Public Art Programs

Art Exhibit for the Birds

Placing manmade installation art in a national park seems counterintuitive since national parks were established to preserve and protect wildlife habitat. But the 1,491-acre Presidio is unlike any other national park. Set in San Francisco’s tony residential area, it overlooks the Golden Gate entrance into the Bay, the reason why it served as a military outpost for 219 years (successively under Spain, Mexico and U.S. rule) until Congress closed the army base in 1994 and made it into a national park. Today, the Presidio is a mix of forested hiking trails and historic buildings converted to other uses, including the Walt Disney Family Museum.

Its proximity to urban surroundings has also resulted in some interesting collaborations. In 2009, For-Site Foundation (a nonprofit dedicated to the presentation of art about place) in partnership with the Presidio Trust invited 25 designers, artists and architects worldwide to propose custom-designed habitat for the wildlife living in the park. From there, 11 concepts were chosen for a site-based art exhibition called “Presidio Habitats: For the Place, Of the Place.”


The installations are not only to be enjoyed as works of art, but as a means to heighten awareness and appreciation of the wonders of the place itself.

The “Patience” exhibit by San Francisco-based Jensen Architects, for example, presents 10 straight-back chairs, each located in a solitary place to make the person who sits in the chair acutely aware of the topography, the grass, the sky, the light playing off the surrounding landscape.

Chinese artist Ai Weiwei created a nesting cavity for the Western Screech-Owl out of a hand-painted blue-and-white Chinese porcelain vessel — suggesting a link to San Francisco’s Chinese heritage and its proximity to the Pacific Rim.

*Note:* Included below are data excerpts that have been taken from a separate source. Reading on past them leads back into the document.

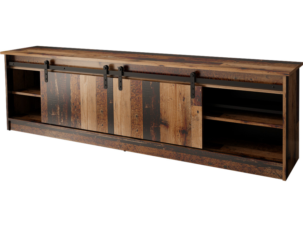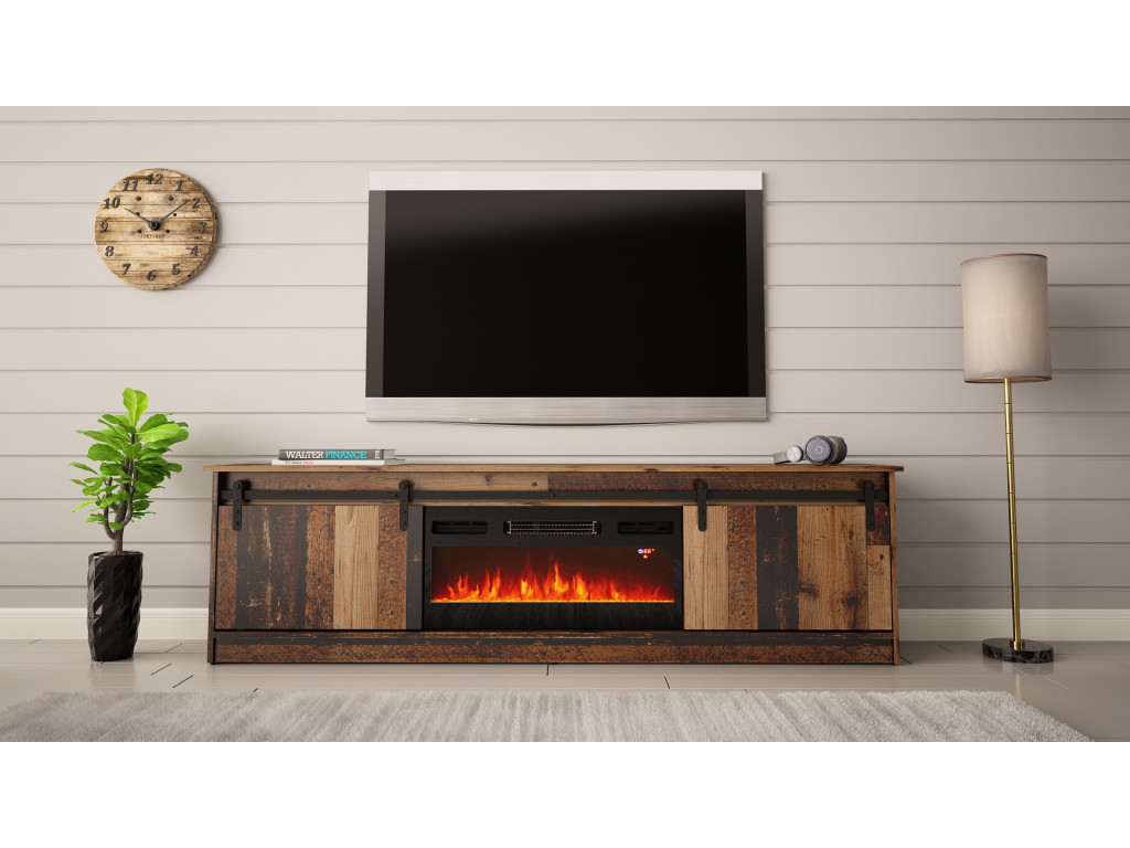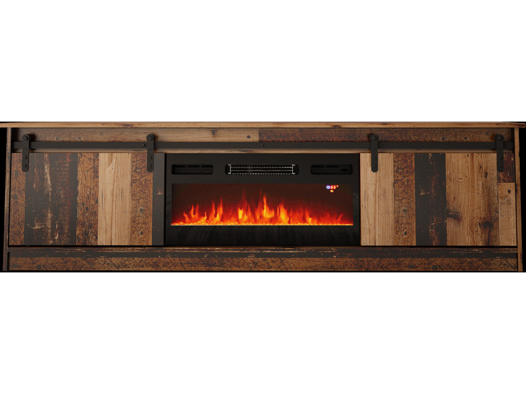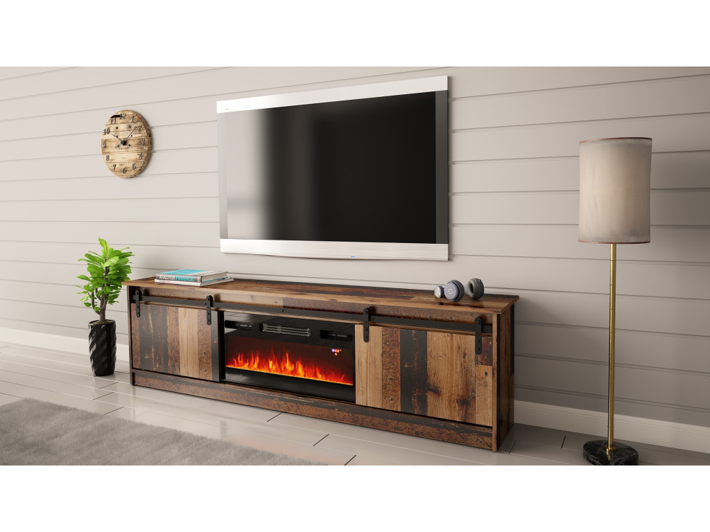 Dizajnový TV stolík v rustikálnom štýle je výrazným prvkom interiéru, ktorý zaujme posuvnými dvierkami s historickým charakterom. Ponúka dostatok úložného priestoru na televízne príslušenstvo a ide o produkt s integrovaným elektrickým LED krbom EF-800020, ktorý vytvára príjemnú atmosféru bez potreby komína.
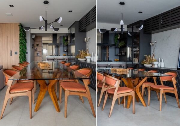 Adjacente à cozinha, a sala de jantar se destaca pela sofisticação da marcenaria, na cor chumbo, que conectou cristaleirabuffet com iluminação interna e adega climatizada. A arquiteta manteve a mesa de vidro já existente e adicionou modernidade com as cadeiras de madeira com estofado e encosto em tom terracota.
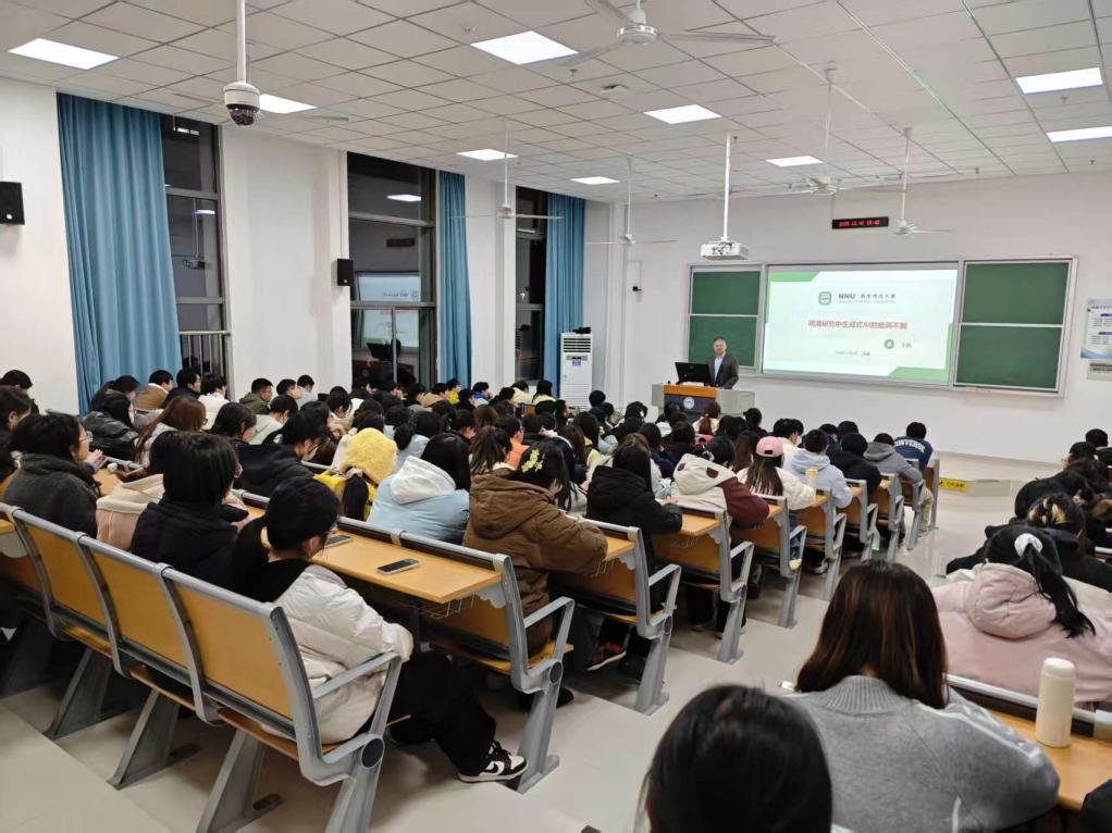 12月2日晚,南京师范大学历史文博学院院长、博士生导师王剑教授应邀为本校师生带来题为“明清史研究中生成式AI的能与不能”的讲座。讲座由yl88858永利中国院长助理张厚军研究员主持,历史系主任徐静玉、副主任羌建等十余名教师,以及历史师范2023级、2024级本科生,2024级、2025级学科历史研究生等近二百人参加了本次讲座。

PhilippeBecker, a San Francisco branding and design agency, paid homage to the American robin by building three-dimensional, wireframe letterforms out of sterile hay. Ideal nesting material, the letterforms spell out the phases “resolve conflict with song,” “adapt to change,” and “nest from the inside out.” The Winged Wisdom display conceived by Brody Hartman, creative strategy director for PhilippeBecker, and designed by creative director Philippe Becker, makes a metaphorical statement about the adaptive and peaceful spirit of the robin. “Our hope is to give park visitors an unexpected, yet mindful provocation of nature’s strength and wisdom,” says Hartman.

The exhibit, which will be up for a year, are a delightful discovery as visitors hike around the park.